4. On the date for selecting _D_, the CA gets _D_ from the announced
source.
5. The CA calculates the hashes used to make the selection. The CA
concatenates each candidate name with _D_ (name first, then _D_),
uses the SHA-256 hash function [SHA-2] on the resulting string,
and records the value of the hash as a UTF-8 string.
6. The CA arranges the set of hash values in alphabetic order from
highest to lowest. They then select the _S_ candidates from the
top of the list (that is, the names whose hash values are
largest).
3. Specifics for the Process
3.1. Start of Ceremony
Much of the trust in the selection process is based on the CA not
being able to influence the selection. If the CA can choose, or even
influence, the value of _D_, they can help establish the outcome of
the selection. Similarly, if one or more of the candidates can
influence the value of _D_, they can increase their chance of being
selected.
To make the process trustworthy, the value of _D_ must be unrelated
to the CA or the candidates, and it must be selected only after the
list of candidates is completed. The most important things for a
ceremony is that the source is announced before the ceremony starts,
that all participants and viewers of a ceremony can find the source
Hoffman Expires 25 December 2023 [Page 4]
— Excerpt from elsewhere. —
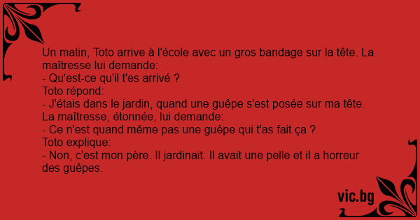 Une enfant arrive avec un bandage énorme sur la tête à l'école. La maîtresse voyant ça, demande à la fillette ce qu'il s'est passé. La fille dit: " Une guêpe m'a piquée... Et papa a pris une pelle pour la tuer."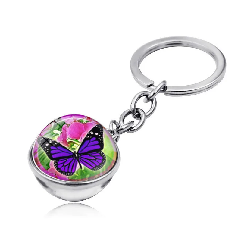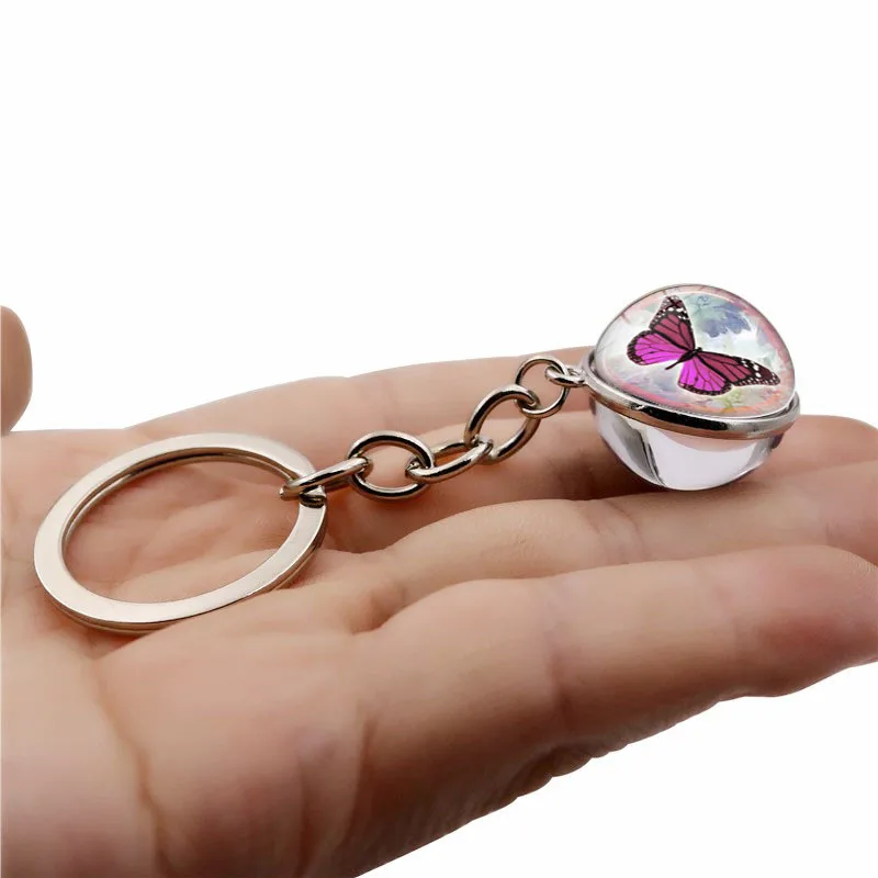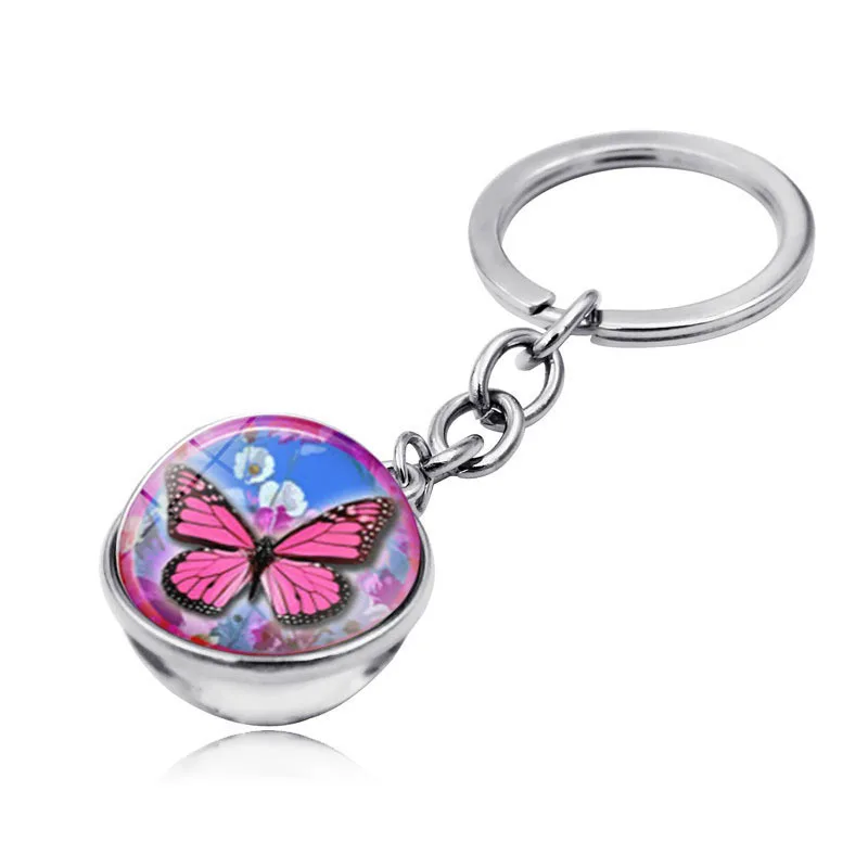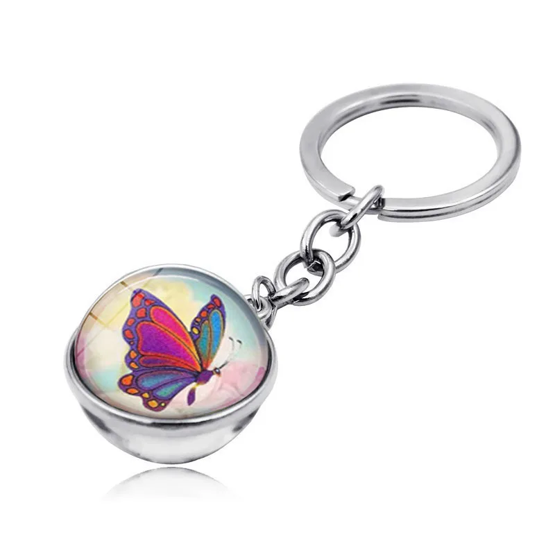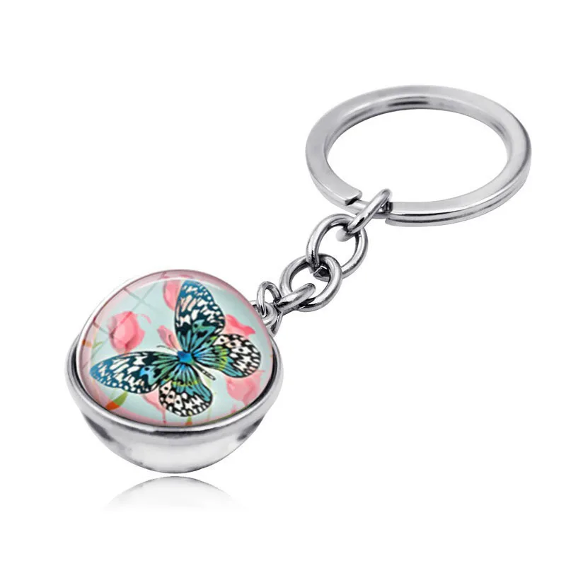 Винтажный брелок для ключей ювелирные изделия со стеклом кабошон в форме бабочки двойной стеклянный шар автомобильный брелок для мужчин женщин подарок

Internet-Draft Candidate Selection June 2023
on the date specified by the CA, that all candidates believe that no
candidate can influence _D_ on that date, and that everyone gets the
same value when they go to the source for that date.
3.1.1. Use of the FTSE 100 Index
The process described in this document uses the closing value for the
FTSE 100 Index on the particular day selected by the CA. The FTSE
100 Index is a long-established index based on 100 stocks; it is
sometimes known by its stock ticker as "UKX". A common open source
of those values is the Wall Street Journal. The daily closing for
the FTSE 100 Index at the Wall Street Journal can currently be found
here (https://www.wsj.com/market-data/quotes/index/UK/UKX/historical-
prices).
Note that the location for sources of daily closing values can change
over time. The CA must check that the source they intende to use is
still active, and still available when the ceremony starts.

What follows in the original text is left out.